De bekendste organisatie die in België volkstuinen oprichtte was het "Werk van den Akker en den Haard", later in Vlaanderen omgevormd tot "De Vlaamse Volkstuin". Deze vereniging werd in 1899 opgericht door de Brusselse drukker Joseph Goemaere en de Franse priester Léon Gruel.
Of ‘Het Werk van de Akker – Werk der Volkstuinen’ betrokken was bij de ontwikkeling en uitbating van de Genkse volkstuinen is niet duidelijk, maar zeker is dat de vereniging bij verschillende in de periode na de Tweede Wereldoorlog ontwikkelde sociale woonwijlen betrokken was.

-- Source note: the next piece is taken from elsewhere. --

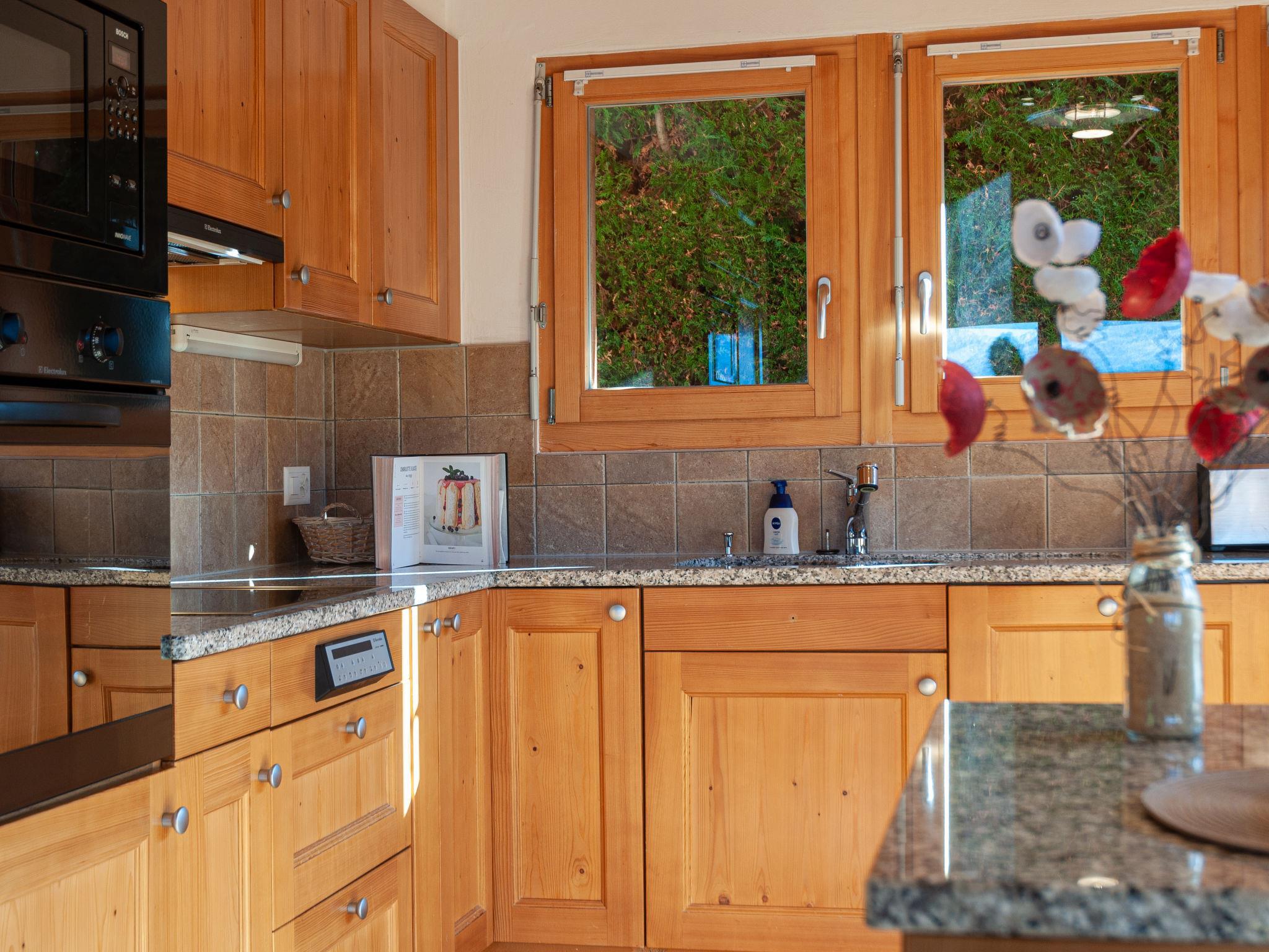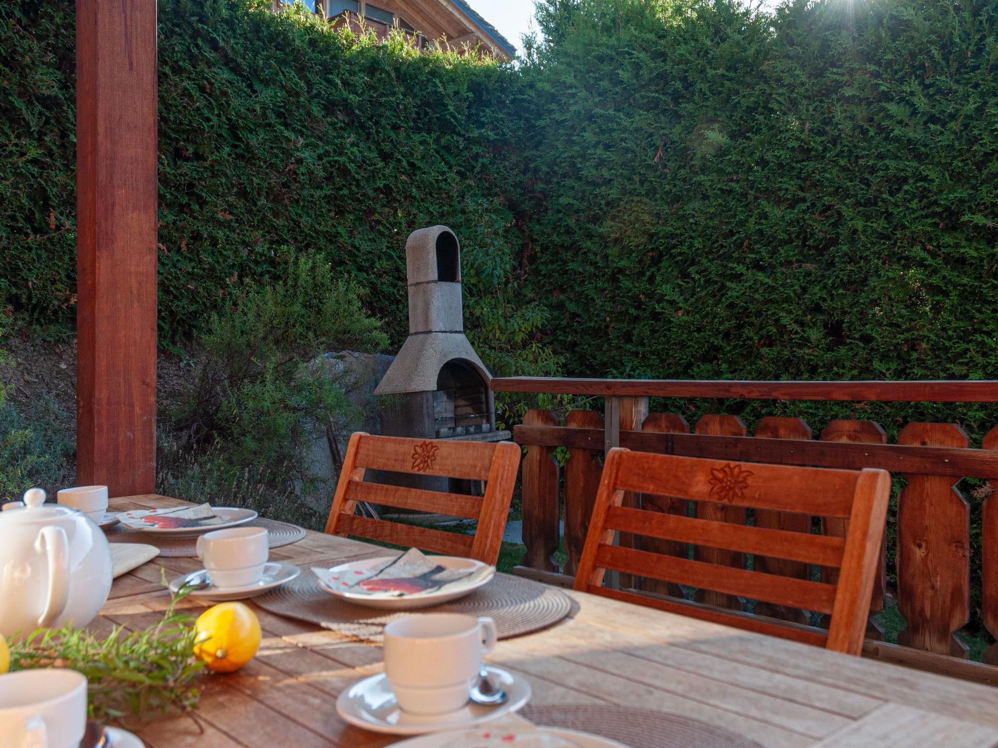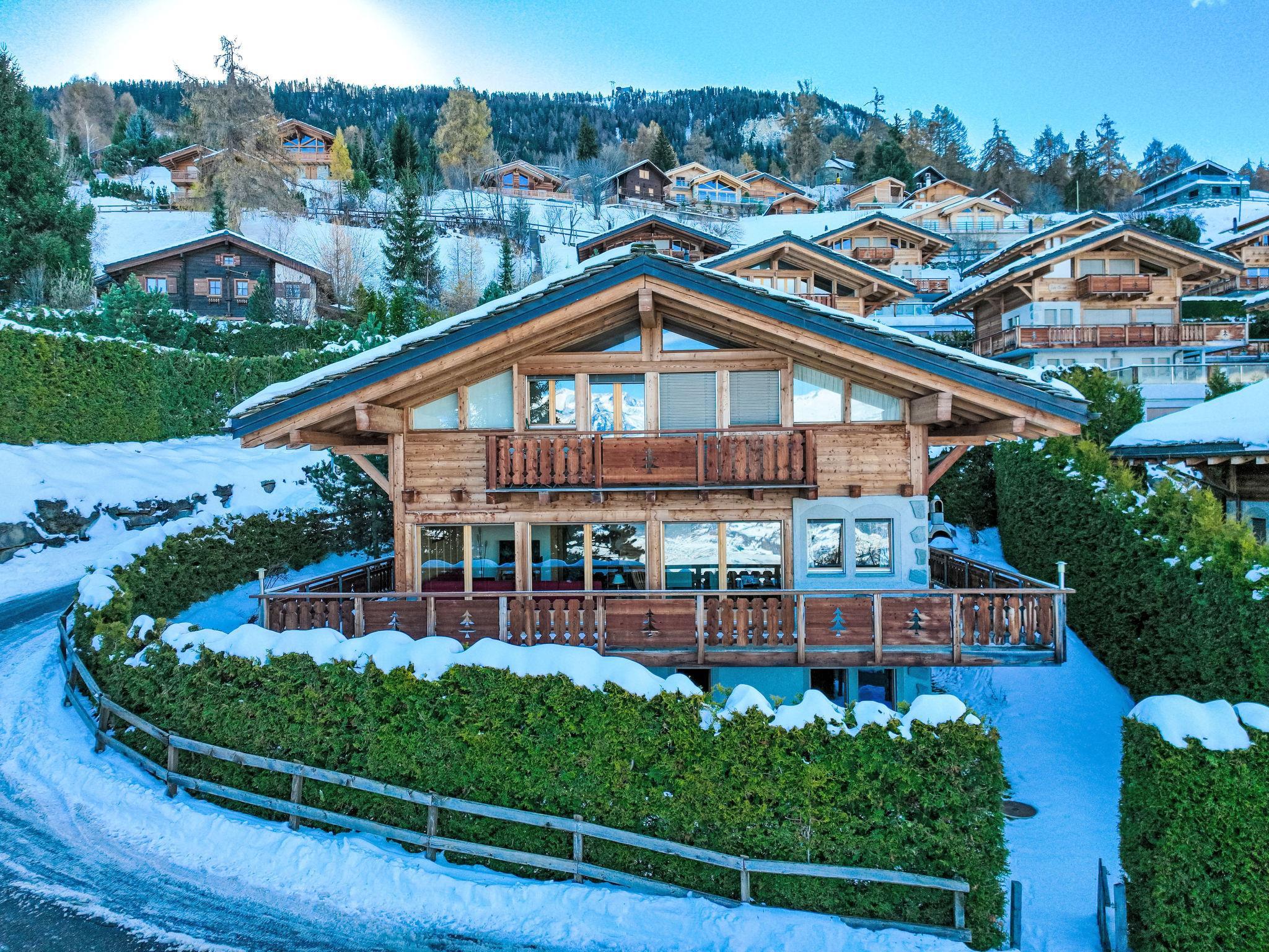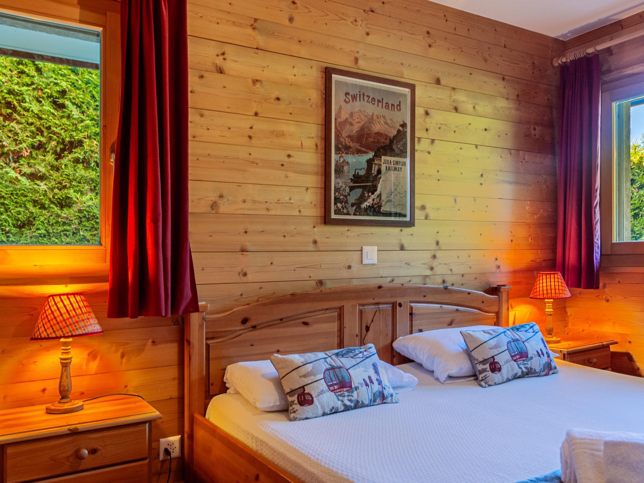 "Rêves des Alpes", 5-Zimmer-Chalet 150 m2 auf 3 Stockwerken. Geräumig, mit viel Holz eingerichtet: grosses Wohn-/Esszimmer mit offenem Kamin, Kabel-TV, Stereoanlage, DVD und E-Heizung. Ausgang zum Balkon, zur Terrasse. Offene Küche (Backofen, Geschirrspüler, 4 Glaskeramikplatten, Toaster, Wasserkocher, Mikrowelle, elektrische Kaffeemaschine, Kapseln für die Kaffeemaschine (Nespresso) extra, Racletteofen, Fondue Set (Käse)) mit Bar. Sep. WC. E-Heizung. Unteres Geschoss: 1 Zimmer mit 1 franz. Bett (180 cm, Länge 200 cm). 2 Zimmer, jedes Zimmer mit 2 Betten (90 cm, Länge 200 cm). Bad/WC, Bad/Dusche/WC. Obergeschoss: 1 grosses Zimmer mit 1 franz. Bett (160 cm, Länge 200 cm), Bad/WC. Ausgang zum Balkon. 2 Balkone, Nordlage und Westlage, kleiner Balkon, Südlage Terrasse. Terrassenmöbel, Gartengrill. Sehr schöne Sicht auf die Berge und das Tal. Zur Verfügung: Waschmaschine, Kinderhochstuhl, Haartrockner. Internet (WLAN, gratis). Parkplatz (1 Auto), Garage (2 Autos), Höhe 210 cm, Breite 240 cm. Bitte beachten: Nichtraucher-Unterkunft.

Zo waren zij verantwoordelijk voor de aanleg van de volkstuinen die oorspronkelijk deel uitmaakten van de sociale woonwijk Hemelrijk in Beerse. De tuintjes werden ingericht op een perceel gemeentegrond tussen de Antwerpseweg en de Rerum Novarumlaan en aan de inwoners van de nieuwe wijk in bruikleen gegeven. Bij de door Léon Stynen ontworpen Wilrijkse sociale woonwijk De Vallaer werden alle woningen ontworpen met omhaagde voor- en achtertuinen. De inplanting van de volkstuintjes was ook hier aan de rand van de wijk voorzien. Ook bij de Berchemse Tuinwijken Groenenhoek, daterend uit het interbellum, werden langs de spoorweg volkstuinen voorzien.
De volkstuintjes in Genk blijven als laatste restanten van een voorbije tijd en levenswijze over. De 68 volkstuintjes werden in 2024 door de stad van de provincie overgenomen en heringericht met uniforme tuinhuisjes.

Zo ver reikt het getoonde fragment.